Аполлинария привлекала Достоевского совершенно по иным причинам, чем некогда Марья Димитриевна. Она не походила на хрупкую страдалицу, на нервную беззащитную женщину с подозрительным румянцем на худых щеках. В Аполлинарии не было той женственности, связанной со слабостью, которая у Достоевского всегда ассоциировалась с его детством и матерью. В ней увидал он нечто от амазонки. Это была иная порода, для него непривычная, тот новый тип своевольной властительницы, с каким ему ещё не приходилось встречаться.

Его особенно притягивало её самоутверждение. Это было и сложнее и значительнее простого эгоизма: она считала себя в праве совершать все, что ей заблагорассудится, потому что отвергла все моральные условности и запрещения. Она даже не столько отвергала их теоретически, сколько презирала в действительности. Она была бунтаркой по своему душевному складу и исконной русскости. Она постоянно искала свободы, но понимала её по своему — отказываясь от обязанностей по отношению к окружающим и считая, что она ничем ни с кем не связана.

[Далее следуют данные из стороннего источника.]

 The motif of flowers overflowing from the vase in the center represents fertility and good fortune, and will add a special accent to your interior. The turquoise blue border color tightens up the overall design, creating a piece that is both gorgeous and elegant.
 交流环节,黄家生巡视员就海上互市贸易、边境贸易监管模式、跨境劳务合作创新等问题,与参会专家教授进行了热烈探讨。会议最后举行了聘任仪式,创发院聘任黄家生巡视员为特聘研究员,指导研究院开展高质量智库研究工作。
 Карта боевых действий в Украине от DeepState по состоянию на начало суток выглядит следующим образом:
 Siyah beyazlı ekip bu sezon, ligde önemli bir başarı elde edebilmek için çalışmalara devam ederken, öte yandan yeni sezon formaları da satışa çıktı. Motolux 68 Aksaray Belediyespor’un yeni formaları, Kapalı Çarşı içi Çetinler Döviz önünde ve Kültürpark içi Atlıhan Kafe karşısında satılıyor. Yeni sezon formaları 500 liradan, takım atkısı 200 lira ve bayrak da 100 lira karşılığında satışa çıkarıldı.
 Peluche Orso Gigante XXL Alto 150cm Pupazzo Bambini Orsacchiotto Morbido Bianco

В Аполлинарии очень резко выступали те стороны её характера, которые Достоевский вообще считал ключевыми для объяснения человеческой сложности: она была способна на бунт и дерзание, и она в себе совмещала самые противоречивые склонности. Ее темперамент одинаково проявлялся и в любви и в ненависти. Она быстро увлекалась, строила идеальные образы, — и резко разочаровывалась. И так как она не умела прощать и не знала снисхождения, это разочарование немедленно превращалось в иронию и беспощадность, в гнев и жестокость. Она сама порою от этого страдала, её требования к жизни и людям фатально обрекали её на поражения и удары, и это бросало трагическую тень на все её существование — Достоевский это почувствовал в Париже и от этого ещё больше полюбил её. Дыхание беды, почти катастрофы, которое овевало её, — это её естественное влечение к абсолютному, к непомерному, и её неспособность войти в рамки — все это было его кровное, родное. Он порою точно в зеркало вглядывался в эту молодую девушку: в ней самой волновалось то, что он пытался вложить в свои романы, и в ней было больше «достоевщины», чем в ряде его героев и героинь. Но она этого не знала, не думала об этом, и она ведь не любила его.

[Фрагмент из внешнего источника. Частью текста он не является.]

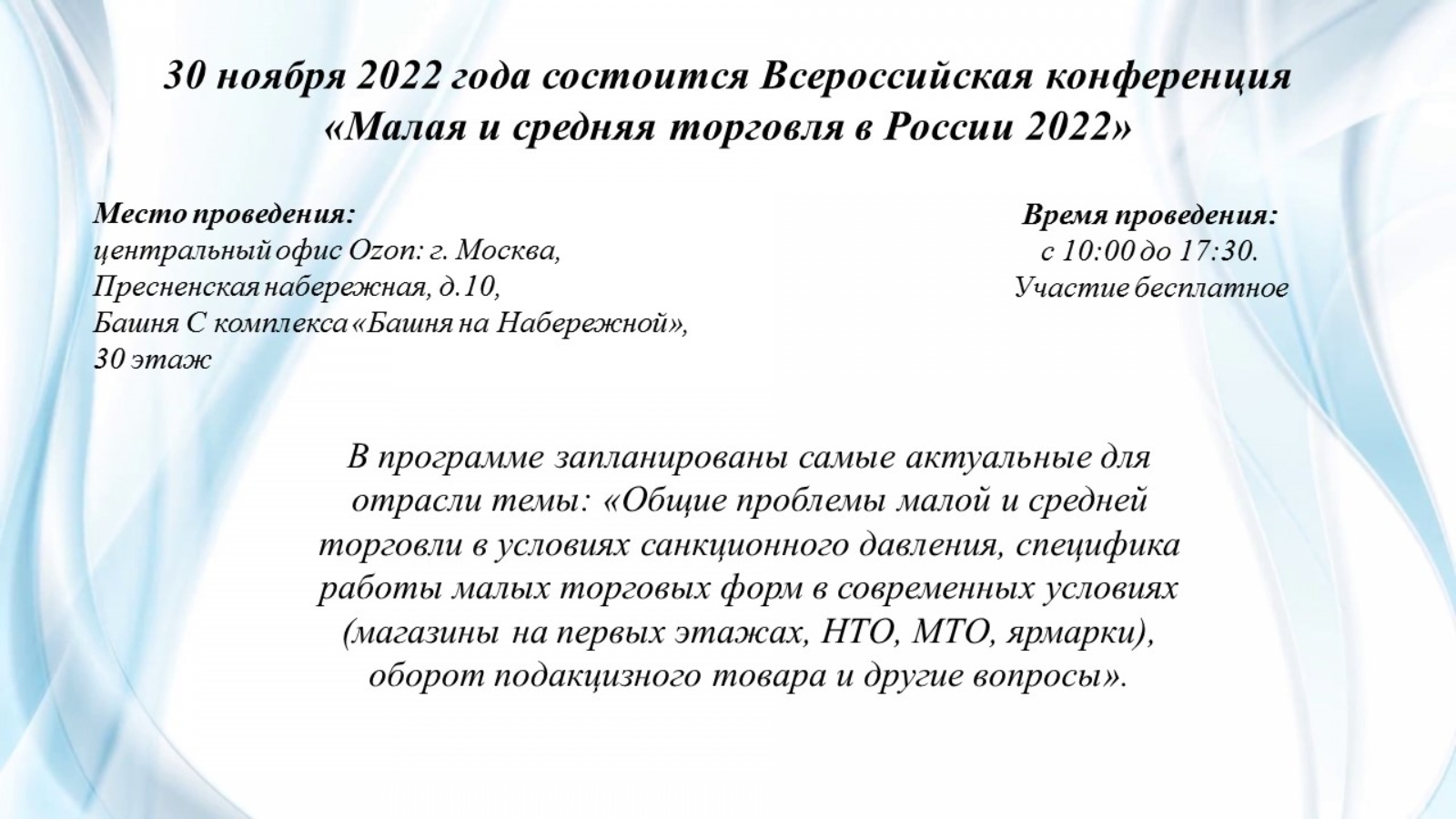 "Россиянең кече һәм урта сәүдәсе 2022"Бөтенроссия конференциясе

Но даже и в этом он не был вполне уверен. Он постоянно сомневался в её чувствах и настроениях и никак не мог ясно прочитать в сердце собственной возлюбленной. Точно ли она собиралась его покинуть? Был ли это конец ли же перерыв, после которого она целиком будет принадлежать ему? И Достоевский, психолог и провидец, знавший все тайны ума и души, стоял в унынии и бессилии перед загадкой 23-летней любовницы.

Странной и трудной была его жизнь зимой 1863 и ранней весной 1864 гг., подле умиравшей жены, за которой он ходил, облегчая последние её дни, заботясь о ней, а может быть, и мечтая о её смерти, как об избавлении — и все время нося Аполлинарию и в сердце и в самых глубинах плоти. Марья Димитриевна кашляла кровью в спальной, а он ждал письма с французской маркой, от Аполлинарии, из Парижа.

Никто, даже брат, поверенный его любви к Аполлинарии — не знает, что происходит в нем в эти страшные месяцы. Стиснув зубы, подчинив себя твердо установленному порядку работы и домашних обязанностей, он ничем не выдавал жгучего вихря страсти и сомнений, раскаяния и сожалений, крутившегося в его душе.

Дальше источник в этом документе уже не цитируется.